Les fourmis de feu envoient leurs éclaireurs autour de la colonie afin de repérer toute éventuelle menace… dès lors qu’une pheidole même ouvrière, croise leur chemin, un premier contact a lieu : la pheidole fonce sur le puissant attaquant pour s’imprégner de son odeur, puis fuit immédiatement, retournant vers sa colonie en secrêtant des phéromones d’orientation qui vont rediriger ses accolytes. elle ne manque pas au passage de bousculer ses congénères, qui, excités par l’odeur de l’assaillant qui imprègne la fuyarde, ont tôt fait de remonter la piste jusqu’à la fourmi de feu, en nombre supérieur et en excitation croissante… Le puissant éclaireur de feu est rapidement réduit à néant… Alors, comme aucun éclaireur ne revient à la colonie, les fourmis de feu ne se rendent simplement pas compte de la présence de pheidoles…

Guerre totale

Lesquelles adoptent une autre stratégie, de comptage : plus les affrontements de ce type sont nombreux, plus elles déduisent que la source est puissante, et inversement. Moins les affrontement sont nombreux, plus les pheidoles s’étendent, se rapprochent de la colonie adverse… dès que la colonie pheidole a atteint un nombre suffisant d’élement, et plus les affrontements se font rares, plus la date fatidique de l’envahissement approche. Si les escarmouches ont leur stratégie, dès qu’une colonie atteint un nombre 10 fois plus important que la colonie rivale, se met en place l’invasion totale et barbare : retour aux armes et aux statégies primitives, massacre à la mandibule et jet de venin et d’acide formique… le but étant de tuer la reine et dévorer les couffins, afin que l’annihilation soit totale, nette et définitive.
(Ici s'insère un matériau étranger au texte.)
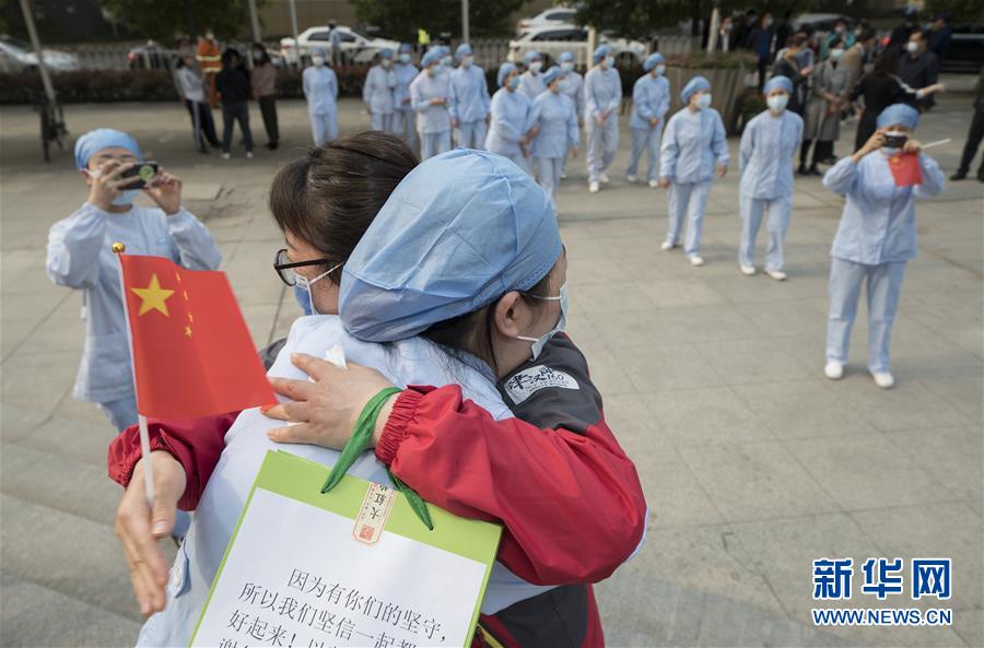 3月21日,武漢市第一醫(yī)院的醫(yī)護人員(前)與天津市醫(yī)療隊隊員李梅擁抱道別。新華社記者費茂華攝

Terrorisme, guérilla et sacrifice

Un autre cas intéressant est celui des fourmis kamikaze d’une espèce de camponotus vivant dans les forêts de Malaisie : son corps est traversé, des mandibules à l’extrémité de l’abdomen, par des glandes bourrées de sécrétions toxiques, qui la transforment en véritable bombe ambulante. Quand ces fourmis se trouvent en difficulté en combat, elles contractent violemment leurs muscles abdominaux, faisant éclater leur exosquelette et inondant leurs adversaires de venin.

Etat de siège et gestion du territoire

D’autres fourmis comme la fourmi du désert innondent l’entrée des colonies d’autres espèces, de substances toxiques qui provoquent la crainte de leurs ennemis. Elles assiègent ainsi des colonies et en profitent pour rafler la nourriture du domaine de chasse, affaiblissant leurs adversaires pourtant dix fois plus grosses, les fourmis de miel.

Les fourmis sont les formes de vie parmi les plus agressives de la planète, basant leur politique étrangère sur l’agression ininterrompue, la conquête territoriale constante et l’annihilation des colonies voisines par génocide, et ceci dès que possible.